Chinese Crypto Investors Using Hong Kong OTC: Finance Times

In the bustling urban areas of Hong Kong, a thriving market for physical cryptocurrency trading stores has emerged, drawing the attention of users from mainland China. According to a report by the Financial Times, these specialized stores have evaded regulatory scrutiny, making them particularly attractive to Chinese investors navigating a highly regulated environment.

Hong Kong, known for its major cryptocurrency exchanges and global trading volumes, has implemented formal regulations on cryptocurrency trading for individual investors since June 2011. However, these regulations primarily target trading platforms and do not extend to over-the-counter (OTC) exchanges, creating a regulatory gap that some stores have taken advantage of.

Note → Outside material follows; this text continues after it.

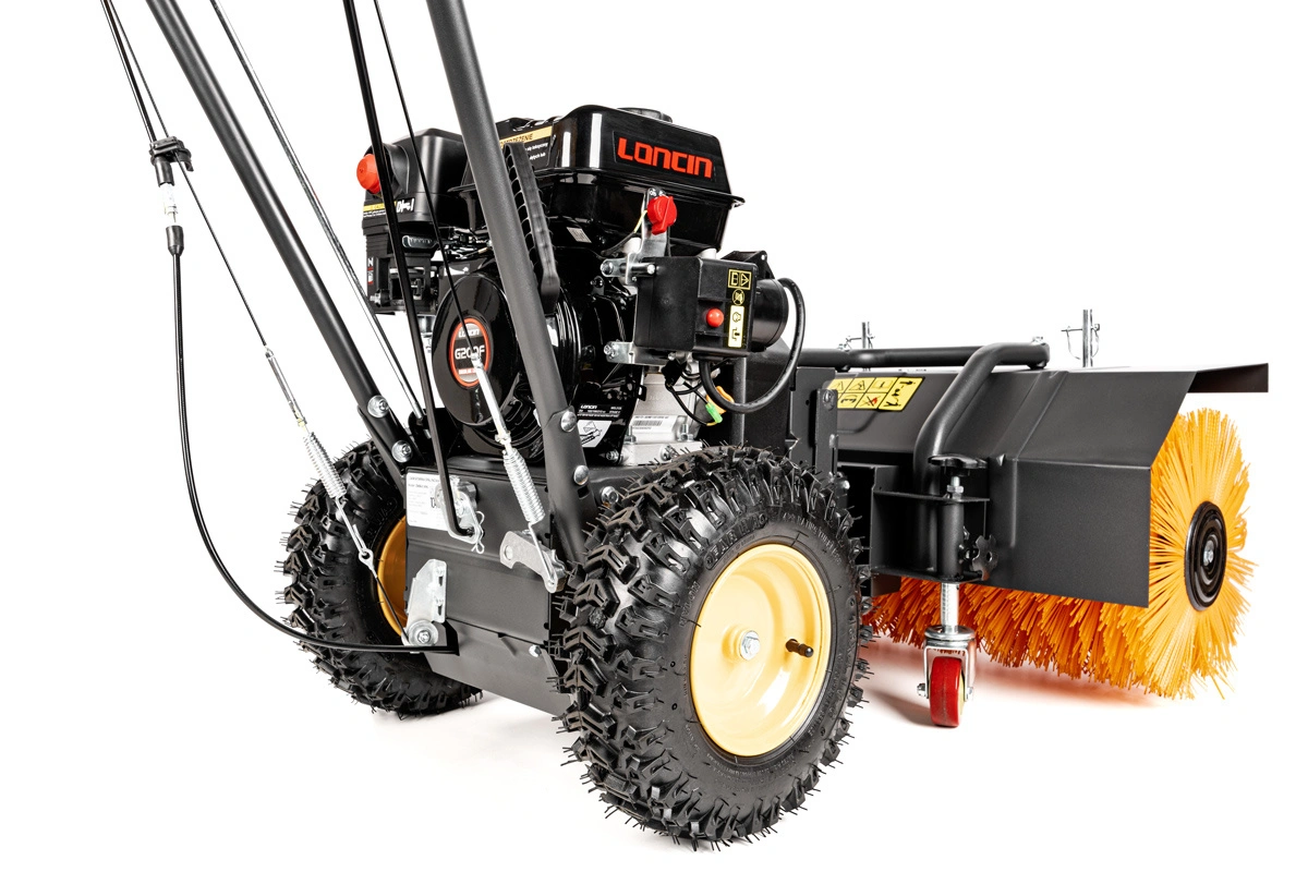 W zestawie znajduje się zamiatarka o szerokości 80cm wyposażona w silnik Loncin G200F z elektrycznym rozrusznikiem (silnik należy podłączyć do gniazda 230V i uruchomić za pomocą przycisku), lemiesz do odśnieżania, zbiornik na zamiatane nieczystości oraz pług wirnikowy czyli odśnieżarkę dwustopniową z ręcznie regulowanym deflektorem.

The Financial Times reports that mainland Chinese investors are increasingly utilizing OTC exchanges in Hong Kong to exploit this gray area. In fact, more than half of the users purchasing cryptocurrencies on one OTC exchange are believed to be from mainland China. Some of these stores offer transactions up to HK$100,000 without the need for KYC (identity verification) procedures, such as Coinhero, which recently acquired the ATM chain of the former industry giant, Genesis Block.

Crypto HK, an OTC crypto trading firm with two branches in Hong Kong, has seen a significant surge in its mainland Chinese customer base. According to the FT report, mainland customers now account for nearly half of Crypto HK’s clientele, a substantial increase from less than 5% reported in February of this year.

The appeal of these OTC exchanges lies in their streamlined processes and relaxed verification requirements. Stores like Coiner.HK, with three locations in Hong Kong, boast slogans such as “Apply in as little as 10 minutes” and highlight benefits such as no fees, instant quotes, and a dedicated concierge team to assist customers throughout the transaction process.

While the Hong Kong government has been proactive in implementing regulations to ensure investor protection, the absence of oversight on OTC exchanges leaves a gap that is being capitalized upon by these stores. To strengthen investor protection further, the government is working on introducing a licensing system for trading platforms, but it remains to be seen whether this will address the regulatory gap present in OTC exchanges.